I am excited to have two opportunities to speak in January. The first is the Kansas City SQL Server User Group. I will be speaking at the monthly KCSSUG meeting on January 16th at 2:30pm CST. You can RSVP for the event here. Next I will be speaking at SQL Saturday #271 in Albuquerque. At both events, I will be presenting on The Accidental Report Designer: Data Visualization Best Practices in SSRS.

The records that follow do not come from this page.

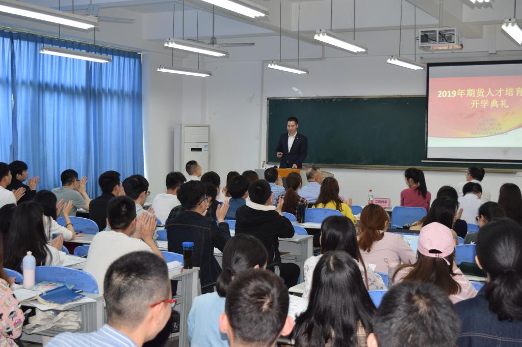 4月29日下午2:00,财政伟德国际始于英国1946在田家炳书院50306组织了“2019年期货人才培育项目开学典礼”仪式。公司副经理曾胜教授主持,原中国期货业协会专职副会长李强、财政伟德国际始于英国1946经理刁孝华、大连商品交易所会员部艾克白尔,重庆证监局机构二处副调研员曹雁秋、重庆市证券期货业协会秘书长王跃、重庆市证券期货业协会培训班主任朱佳,公司部分专任教师和参与此次项目的2018级金融专业研究生等100余人出席了开班典礼。仪式由公司副经理曾胜主持。
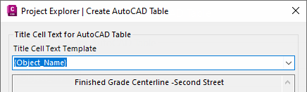 Note that the title row of the AutoCAD table can be derived from a series of dynamic variables during the creation process, or you can specify a fixed file name in this dialog box. By default, the title row will display the selected object name.
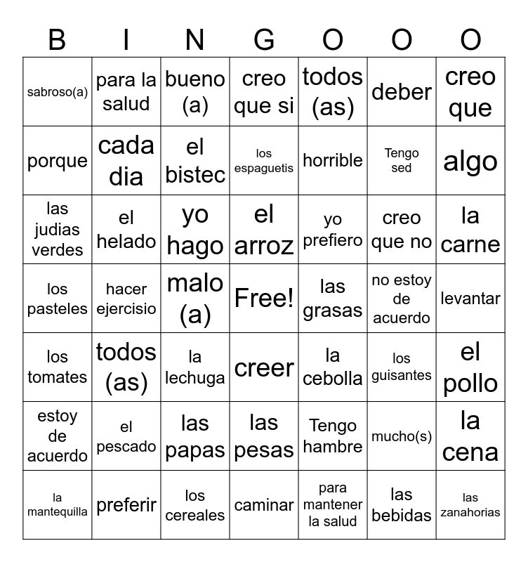 This bingo card has a free space and 48 words: Tengo hambre, Tengo sed, caminar, hacer ejercisio, yo hago, levantar, para la salud, preferir, deber, creer, creo que, creo que si, creo que no, yo prefiero, estoy de acuerdo, no estoy de acuerdo, porque, algo, mucho(s), todos (as), horrible, malo (a), sabroso(a), cada dia, la cena, el bistec, la carne, la mantequilla, el arroz, el helado, las bebidas, las grasas, el pollo, el pescado, los pasteles, la cebolla, los guisantes, las judias verdes, la lechuga, las papas, los tomates, las zanahorias, bueno (a), los cereales, los espaguetis, las pesas, todos (as) and para mantener la salud.
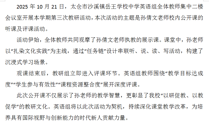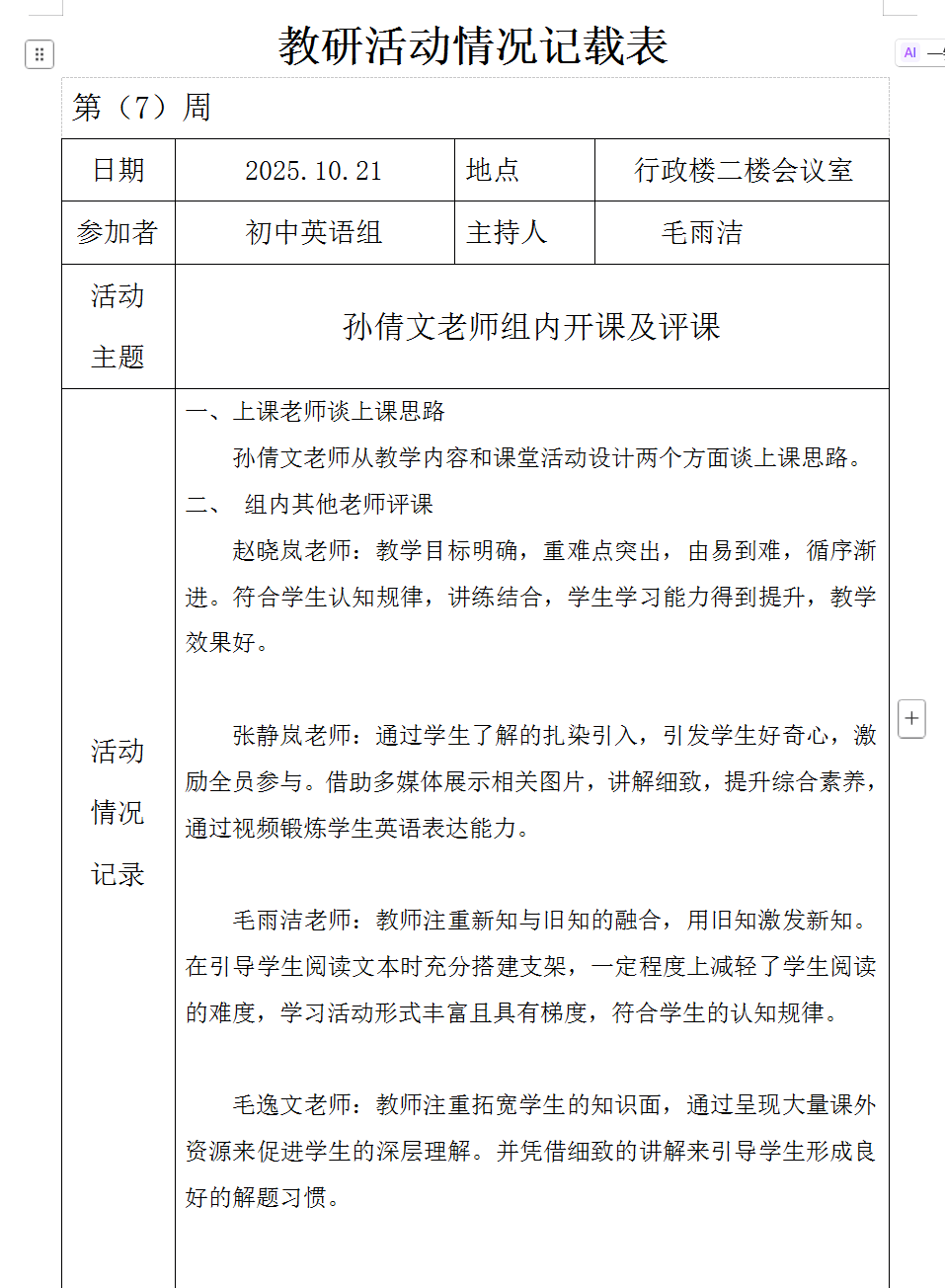 (品牌建设)构建生长课堂2025-2026第一学期中学英语组第三次教研活动——孙倩文老师组内开课及评课

This presentation is geared towards data professionals who may not see report design as one of their main responsibilities, but who occasionally have to deliver information through reports, dashboards. I think most people have to do this from time to time in their jobs, so anyone could benefit from this information. I am passionate about the content in this presentation because it changed the way I work and has positively impacted my career path. My interest in data visualization started when I read Stephen Few’s book Information Dashboard Design while working on a marketing dashboard at a previous job. I strongly believe that the way you display information to the end user can enhance or render useless any great data model/ETL you have created. The end user of your report is probably missing the point if you aren’t providing useful information in a consumable format. Poor report design, in addition to being ineffective, can actually mislead your audience. As a data professional, this should concern you.

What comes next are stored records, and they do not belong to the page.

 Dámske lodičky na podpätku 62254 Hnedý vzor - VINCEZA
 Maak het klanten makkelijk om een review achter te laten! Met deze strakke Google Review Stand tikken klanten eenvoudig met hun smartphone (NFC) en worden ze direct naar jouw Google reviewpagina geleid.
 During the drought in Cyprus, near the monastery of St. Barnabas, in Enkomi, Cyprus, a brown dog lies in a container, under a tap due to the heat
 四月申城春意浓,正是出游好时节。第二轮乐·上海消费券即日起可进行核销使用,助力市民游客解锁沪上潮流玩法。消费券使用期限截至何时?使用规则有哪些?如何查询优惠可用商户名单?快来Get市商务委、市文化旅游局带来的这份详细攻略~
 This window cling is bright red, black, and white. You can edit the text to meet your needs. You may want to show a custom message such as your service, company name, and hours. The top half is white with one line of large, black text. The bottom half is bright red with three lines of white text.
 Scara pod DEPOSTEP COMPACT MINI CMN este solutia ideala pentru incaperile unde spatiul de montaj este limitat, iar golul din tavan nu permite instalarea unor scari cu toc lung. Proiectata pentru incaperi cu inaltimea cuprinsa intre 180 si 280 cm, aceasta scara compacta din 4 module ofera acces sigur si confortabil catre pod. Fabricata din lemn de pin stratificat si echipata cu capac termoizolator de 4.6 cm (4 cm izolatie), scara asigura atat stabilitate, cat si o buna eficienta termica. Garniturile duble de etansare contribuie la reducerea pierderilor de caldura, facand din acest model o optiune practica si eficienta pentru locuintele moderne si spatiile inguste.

As an example, let’s look at some crime data for my neighborhood that I pulled from data.kcmo.org. I want to know: what was the most common crime committed in my neighborhood in 2013?
First, take a look at this graph:
This is a 3-D exploded donut chart that shows the number of crimes committed by type.
Now let’s try to answer the question with this graph: This is a bar chart that shows the types of crimes committed as a percent of total crimes. I think you will agree that you immediately see from this graph that non-aggravated assault is the most common crime, followed closely by stealing from an automobile. I can easily see the percent of total incidents that each type represents and how each type compares to other types.
Even if your data isn’t saving any lives, you can still learn to make professional data visualizations that effectively communicate information while being visually appealing, which can impress and earn trust from your management, clients, and other audiences. If you would like to learn more, I would love for you to attend my session in KC or Albuquerque. If you can’t make it, feel free to check out the slides on the Presentation page.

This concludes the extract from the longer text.